Review of last recipe (photo above) - I thought I would have a nice banana bread pudding type of thing, but it took longer than the 20 minutes at 275 degrees, so I upped the temp to 350 degrees and baked it until the knife came out clean. Only the whipped cream was edible. It was difficult trying to get the right amount of sweetness needed; I tasted the batter and it seemed ok to me, but it probably needed to taste super-sweet in order to get enough flavor after baking. I'm not a test kitchen so I won't be trying this again to try to get it right. I have too many other recipes in my files to worry about one lousy one that could use tweaking.

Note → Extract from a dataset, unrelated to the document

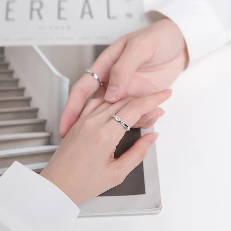 Luxe Engagement Ring for Women Men 925 Sterling Silver Shining Zircon Adjustable Open Ring Fine Jewelry Bijoux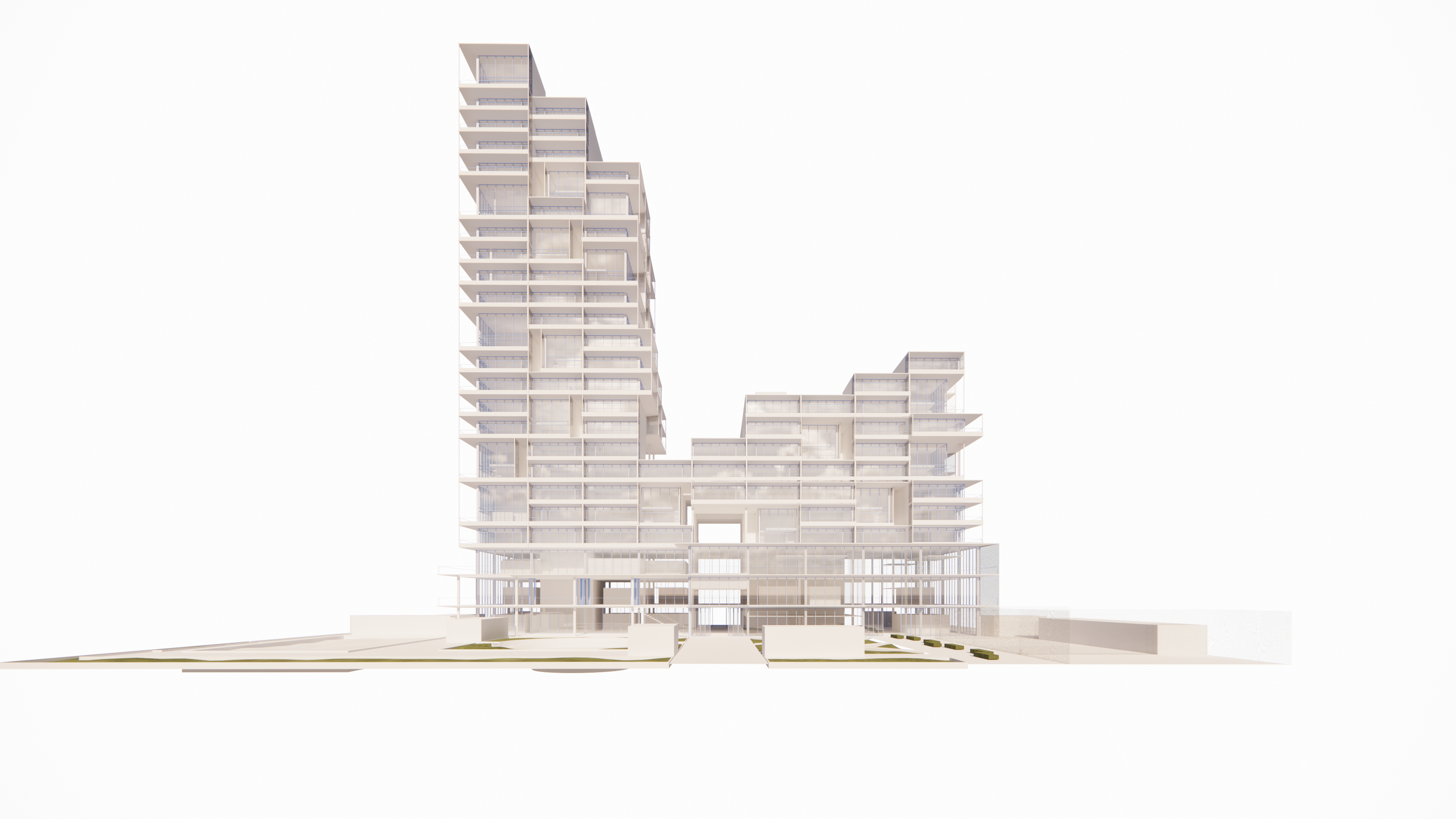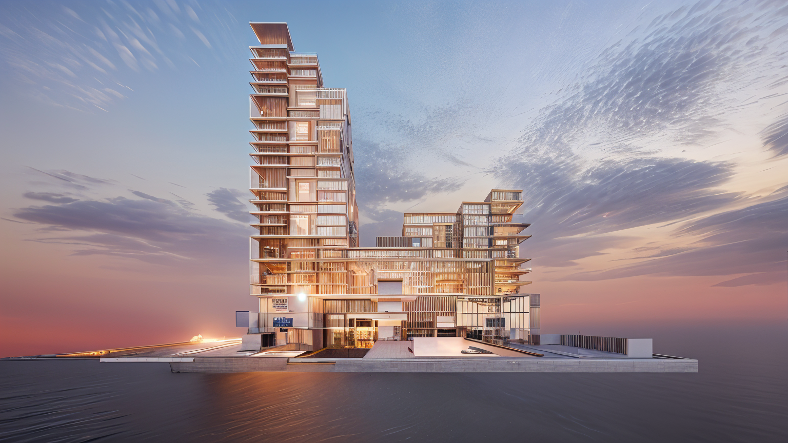 exterior shot modify the facade only do not change the 3d volume structure or spatial composition of the project add either moucharabieh screens or contemporary brise soleil as architectural elements these should be elegantly integrated into the existing fa ade enhancing its character while providing passive sun shading emphasize a high end photorealistic rendering with detailed materials accurate lighting and architectural refinement keep the overall project identity intact this is strictly a fa ade treatment exercise not a redesign

TODAY'S RECIPE - CHICKEN BREAST TARRAGON
From McCall's Magazine June 1983 ...
Serves 8
4 whole chicken breasts (skinless, boned and cut in half)
2 tbsp olive oil
2 tbsp butter
6 shallots, chopped
2 carrots, sliced into 1/4" rounds
1/4 cup cognac or brandy
1 cup dry white wine
1/4 cup fresh tarragon or 2 tsp dried
1 1/2 tbsp fresh chopped chervil or 1/2 tsp dried
1 tsp salt
1/8 tsp pepper
1 cup light cream
1 egg yolk
1 tbsp flour
1/2 lb mushrooms, thinly sliced
2 tbsp butter
sprigs of fresh tarragon
Heat oil and 2 tbsp butter in dutch oven. Add chicken breasts (only enough to cover bottom of the pan), saute; turning until brown on all sides. Remove chicken as it browns and add the rest of the chicken to the pan until all are browned.
To the drippings, add shallots and carrot and saute; stirring for 5 minutes or until golden. Return chicken to the pan. When hot, slightly heat the cognac or brandy in a ladle and ignite. Add the cognac, then the white wine, chopped tarragon, chervil, salt and pepper.
Bring to a boil, then reduce heat and simmer gently, covered for 30 minutes. Remove chicken to heated serving platter and keep warm. Strain drippings from the pan. In a small bowl, combine cream, egg yolk and flour and mix well with a whisk. Stir into drippings and bring just to boiling, stirring constantly. Add more wine if the sauce seems too thick.
Meanwhile, saute mushrooms in hot butter for 5 minutes until tender. Spoon sauce over chicken, and garnish with tarragon and mushrooms.